Eu acredito que a onipresença dos smartphones está contribuindo para que as empresas passem por uma profunda reorganização cultural, começando a funcionar de maneira orgânica, em que os diversos departamentos e sistemas consigam interagir como um organismo único, que trabalha em conjunto.

Como superar as expectativas dos usuários de smartphones – Aqui está uma série de recomendações que, se estudadas, podem ajudar os contact centers a superar as expectativas do cliente que busca o mobile customer service:

– O contact center precisa ser fonte de informações qualificadas sobre o produto ou serviço adquirido pelo consumidor – informações que, necessariamente, têm de ir muito além do que esse usuário encontraria por conta própria, em uma pesquisa online.

– Desenhe os processos e sistemas de seu contact center de modo a evitar ao máximo que o consumidor seja obrigado a trocar de canal (voz ou dados) para complementar o atendimento. Caso ele necessite realizar essa transição, é fundamental que isso aconteça de modo transparente e integrado.

– Você quer propiciar ao consumidor uma experiência de encantamento, um ambiente em que, no “momento da verdade” – quando ele irá decidir manter ou comprar um produto ou serviço – o usuário sinta-se bem atendido? Construa sistemas analíticos que produzam uma visão de 360 graus deste consumidor. Quanto mais sua empresa conhecer o perfil deste consumidor e, muito especialmente, o histórico das interações desta pessoa com o contact center, mais intuitivo será o atendimento, mais satisfeito ficará o cliente.

– É missão do mobile customer service oferecer a melhor experiência possível ao usuário do smartphone, independentemente do sistema operacional ou tamanho de tela de seu dispositivo móvel. Esteja pronto a levar até o smartphone de seu cliente (qualquer que seja ele) a máxima riqueza em termos de aplicações móveis.
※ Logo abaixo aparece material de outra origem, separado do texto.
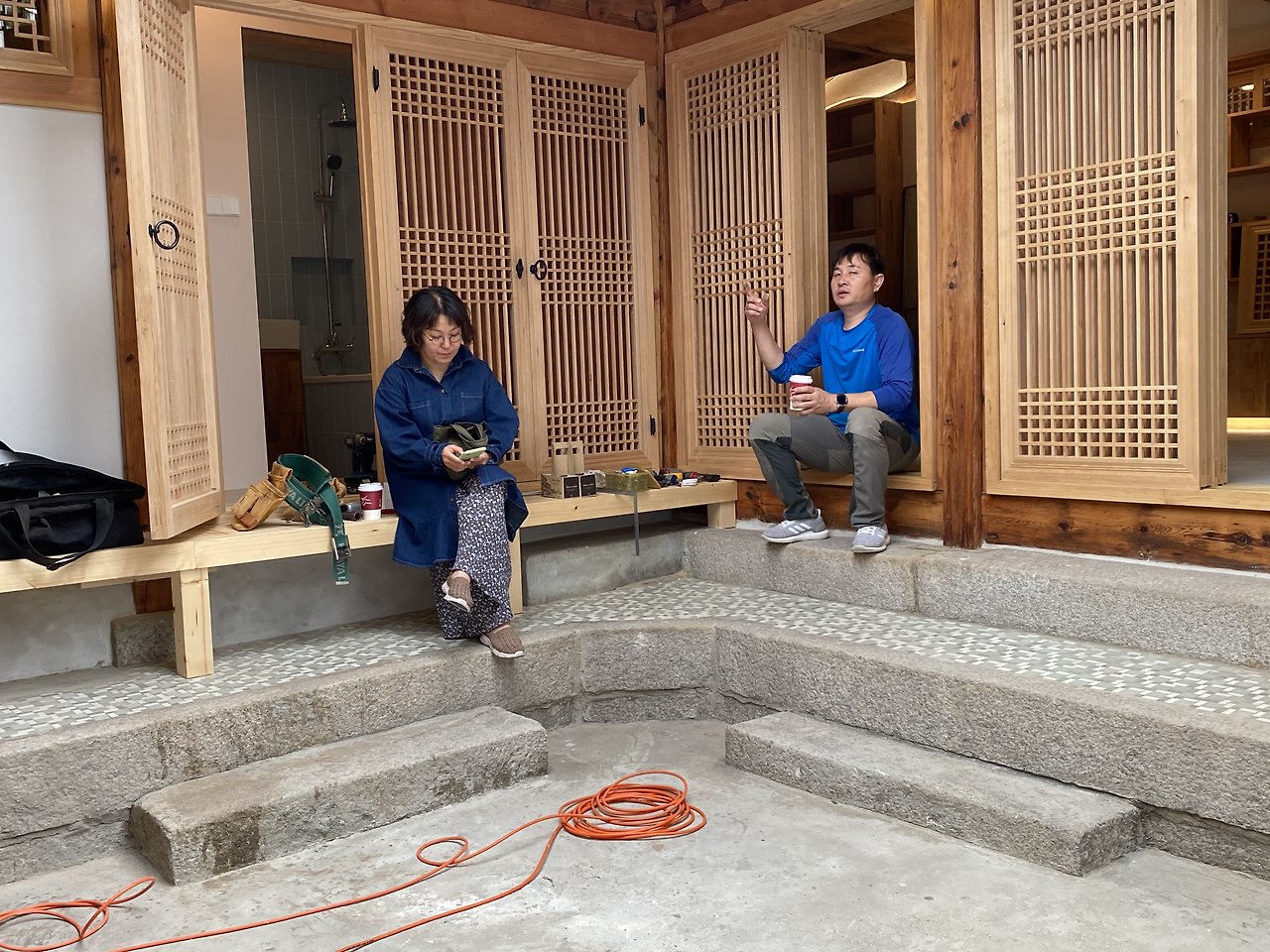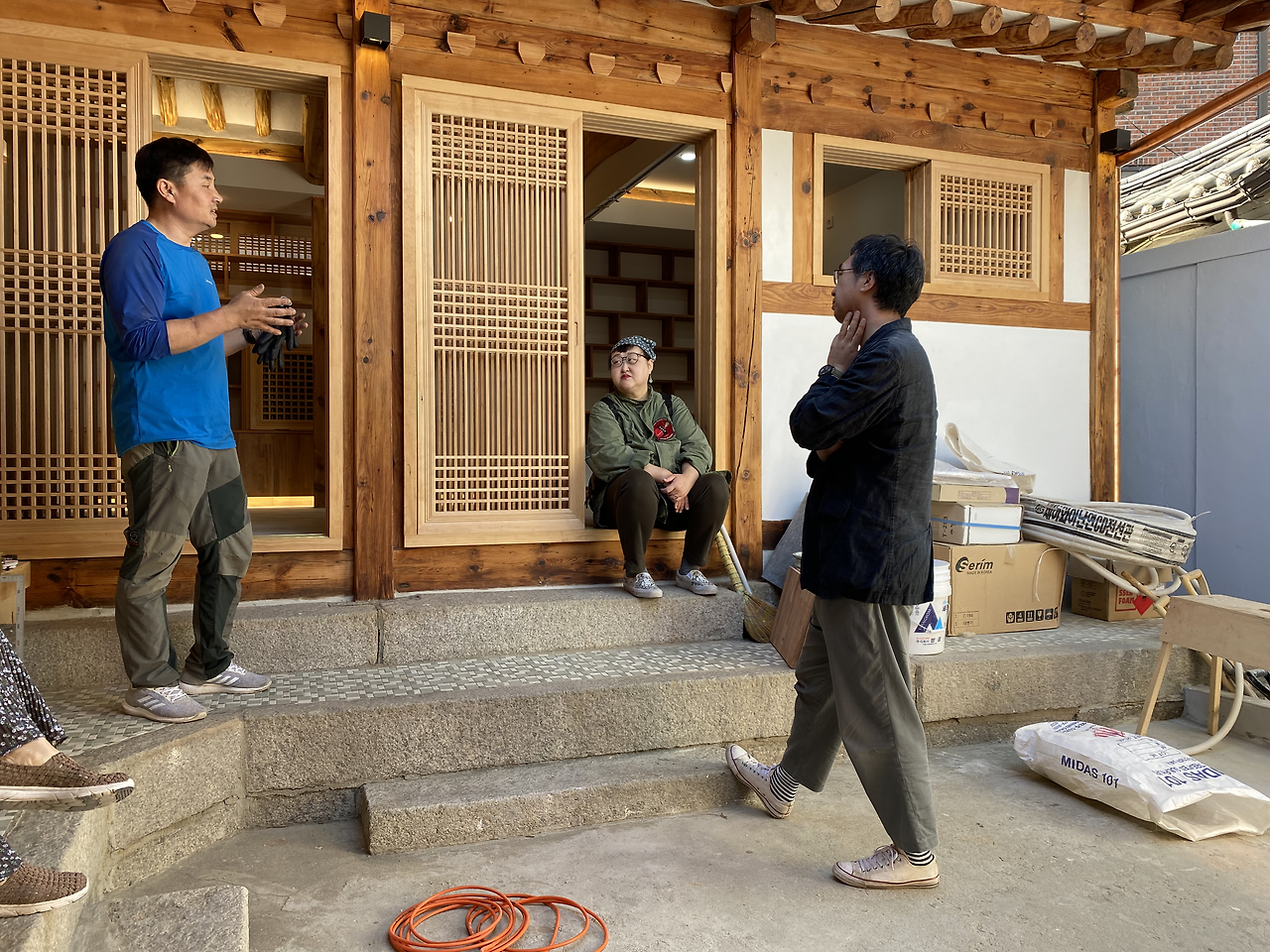 장준우 요리사 부부가 돌아가고 조금 있다가 페이퍼 정유희 편집장과 박창현 건축가가 대문 안으로 들어섰다. 정유희 편집장이 한옥 현장도 궁금하고 또 임정희 목수님에게 뭔가 조언을 구하고 싶은 것도 있어서 온다고 했던 것이다. 지금 프로젝트를 같이 진행하고 있는 박창현 건축가가 직접 임 목수님에게 질문을 했고 임 목수님은 최선을 다해서 대답을 해주었다. 정 편집장은 우리집이 너무 마음에 든다고 했고 집의 기운이 좋아서 좋은 일이 반드시 생길 것 같다고 말해 주었다. 박창현 건축가와는 25년 전부터 친구로 지냈는데 지금은 무슨무슨 건축상도 많이 타고 아주 건축계의 거물이 되었다고 하며 웃었다.

– Utilize de maneira proativa as soluções de geolocalização. Seu objetivo deve ser propiciar uma experiência fluida ao cliente em movimento e dar ao contact center a capacidade de ser proativo, indicando pontos de contato pessoal (lojas, clínicas, assistências técnicas, etc.) com base na localização geográfica do cliente. O uso deste tipo de informação agiliza o atendimento, encanta o cliente e também pode adicionar efetividade a toda cadeia de valor do relacionamento.

– Enxergue as redes sociais como um tesouro de informações reais, quentes e online sobre esse consumidor móvel. Mas, antes de usá-las, peça permissão para o dono destes dados – o usuário.

Pedro Silveira é diretor de marketing da Interactive Intelligence Brasil e América Latina.